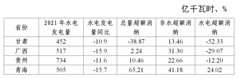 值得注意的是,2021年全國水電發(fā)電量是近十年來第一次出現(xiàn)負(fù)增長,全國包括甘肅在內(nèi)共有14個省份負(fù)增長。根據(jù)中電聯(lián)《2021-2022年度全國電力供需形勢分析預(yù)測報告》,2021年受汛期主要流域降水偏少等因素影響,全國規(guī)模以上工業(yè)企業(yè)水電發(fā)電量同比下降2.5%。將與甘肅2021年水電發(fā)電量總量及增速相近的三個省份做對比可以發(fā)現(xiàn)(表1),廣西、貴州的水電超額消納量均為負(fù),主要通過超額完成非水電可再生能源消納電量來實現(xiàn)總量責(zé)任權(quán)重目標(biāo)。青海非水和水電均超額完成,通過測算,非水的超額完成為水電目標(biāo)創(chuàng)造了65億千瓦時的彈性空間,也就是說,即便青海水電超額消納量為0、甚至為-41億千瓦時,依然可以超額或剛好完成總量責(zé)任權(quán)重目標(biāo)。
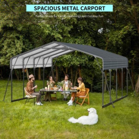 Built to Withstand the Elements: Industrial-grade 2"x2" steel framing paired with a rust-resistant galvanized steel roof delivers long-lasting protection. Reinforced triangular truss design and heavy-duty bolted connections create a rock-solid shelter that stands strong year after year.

***

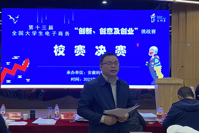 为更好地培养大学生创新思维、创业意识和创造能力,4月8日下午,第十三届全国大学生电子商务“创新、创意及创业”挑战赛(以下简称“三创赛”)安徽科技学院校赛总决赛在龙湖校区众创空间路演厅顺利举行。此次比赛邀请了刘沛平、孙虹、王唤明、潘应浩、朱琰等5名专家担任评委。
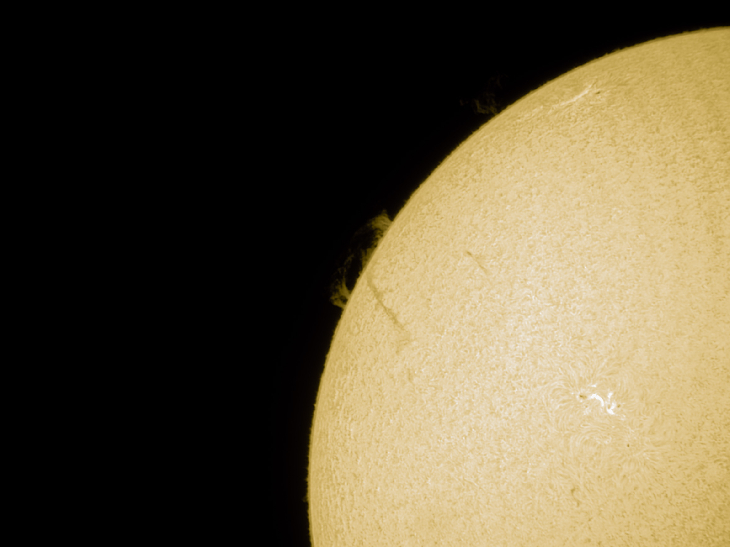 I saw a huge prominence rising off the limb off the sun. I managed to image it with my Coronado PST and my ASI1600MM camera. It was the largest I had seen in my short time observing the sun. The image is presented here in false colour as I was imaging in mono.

***

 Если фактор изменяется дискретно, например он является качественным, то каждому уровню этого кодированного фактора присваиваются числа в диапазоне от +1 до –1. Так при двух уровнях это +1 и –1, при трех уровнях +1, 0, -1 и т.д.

***

#### [Task directions]
For this exercise, please set down exactly the lines of the listing above from the line with "为更好地培养大学生创新思维、" up to and including the line with "I saw a huge", and no pictures.

#### [Result for this task]
 为更好地培养大学生创新思维、创业意识和创造能力,4月8日下午,第十三届全国大学生电子商务“创新、创意及创业”挑战赛(以下简称“三创赛”)安徽科技学院校赛总决赛在龙湖校区众创空间路演厅顺利举行。此次比赛邀请了刘沛平、孙虹、王唤明、潘应浩、朱琰等5名专家担任评委。
 I saw a huge prominence rising off the limb off the sun. I managed to image it with my Coronado PST and my ASI1600MM camera. It was the largest I had seen in my short time observing the sun. The image is presented here in false colour as I was imaging in mono.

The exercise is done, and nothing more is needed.